The central premise of the Republicans’ American Health Care Act (AHCA) plan is to force Americans to pay more for their health care or, as Republicans would say, have “more skin in the game.” Put another way, the AHCA drastically increases the cost of health care for all Americans. By providing subsidies that are too small and exclude income adjustment, poor people will, at best, be able to buy plans with extraordinarily high deductibles and low actuarial values (e.g, $20,000 deductibles). It will be even worse for Medicaid beneficiaries, since the shift to per capita caps will force states to cut coverage as well as enrollment. As a result, this bill will leave millions of the most vulnerable people unable to afford premiums; if they do manage to gain “access” to insurance, cost sharing will be so onerous that they will not actually be able to receive care.
But it gets worse. Section 101 of the AHCA demolishes public health funding. Specifically, it strips $20 billion from the Prevention and Public Health Fund, which is a huge part of our public health investments. Public health is critical. These investments are designed to reduce disease burden and demand for health care in the future. Yet, collectively, they represent only 3 percent of U.S. health-care spending. This bill, therefore, represents the worst possible combination of cuts. Since Republicans are proposing to eliminate health insurance coverage for millions, and make care more expensive for all, allowing Americans to get sicker faster is a very bad strategy.

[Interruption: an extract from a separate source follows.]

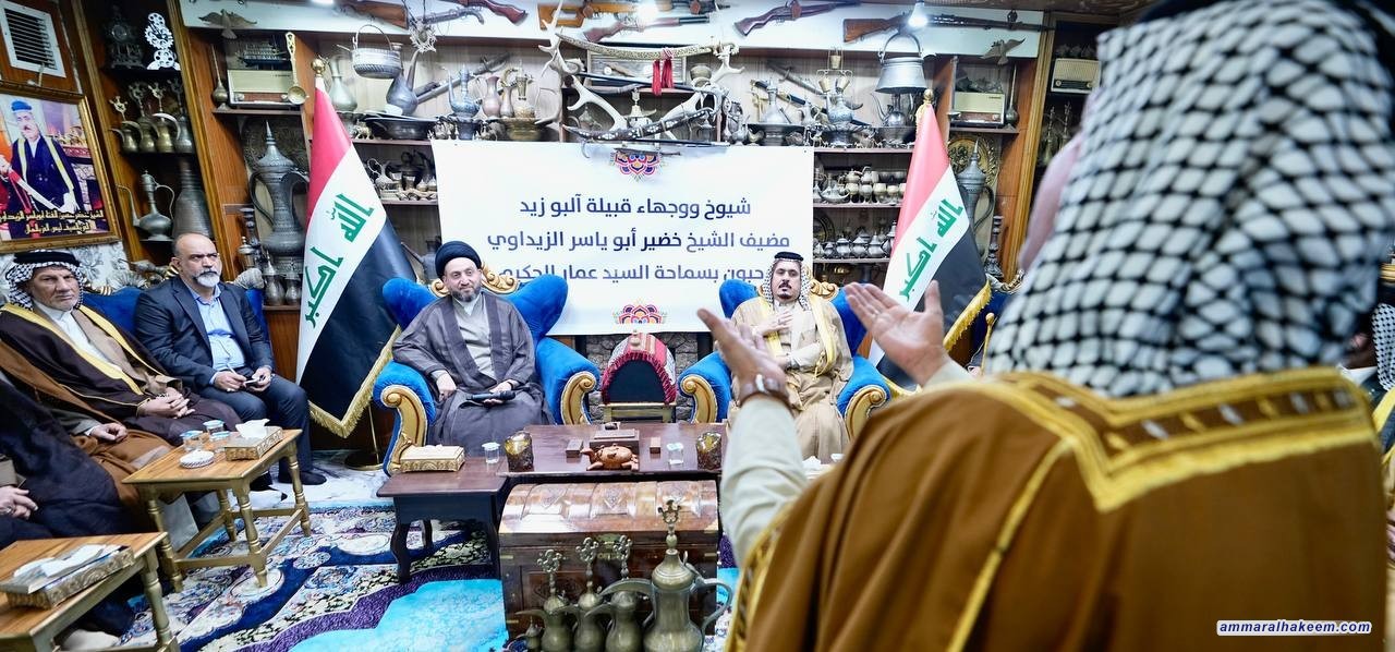 في مضيف عشائر البو زيد شرق بغداد وفي مضيف الشيخ خضير الزيداوي 22/3/2023، بارك السيد عمار الحكيم رئيس تيار الحكمة الوطني للحاضرين حلول شهر رمضان المبارك، مستذكرا التاريخ المشترك الذي جمعه معهم في محطات مفصلية من تاريخ العراق مؤكدا أن العراق حفظ في الثلاثية المتمثلة بالمرجعية الدينية و الشعائر الحسينية والعشائر العراقية، مبينا أن الكرم الذي ظهر في أكثر من مناسبة هو ثقافة حسينية.
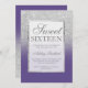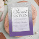 Moderna moda de bonito y elegante ducha de purpurina de color falso plateado oscuro con bloque de color violeta morado Invitación a la fiesta de 16 años dulce con y elegante marco plateado Perfecto para una princesa Dulce dieciséis.

The Prevention and Public Health Fund is making a big difference. It is the money behind Alzheimer’s disease services for seniors, the Million Hearts program to prevent cardiovascular disease, stroke prevention, and notably, $325 million for childhood vaccinations. It is jaw dropping that Republicans would raid these funds considering their very high near-term and long-term return on investment.
It is also very likely that Health and Human Services will strip out the preventive care requirements of the Affordable Care Act that enable all Americans to get free access to cancer screenings, chronic diseases screenings, and vaccinations. While these investments add only a few dollars to insurance premiums, they go a long way toward lowering future costs through prevention and early identification of diseases, when they are at their most treatable—and when they are most affordable to treat.
Finally, we know that people without insurance are at least 25 percent more likely to die prematurely. If the AHCA translates into pre-ACA levels of such deaths, this would mean adding at least 20,000 avoidable deaths a year. If the AHCA is enacted, America will once again duke it out with developing countries for access to health insurance, watch our mortality rate increase, and fall further behind on chronic disease care by stripping out the public health investments that we need to bend the cost curve downward and reduce disease burden. This will be particularly poignant for poor people and older people who will face the highest cost-sharing increases and who are in the greatest need of well-functioning public health investments.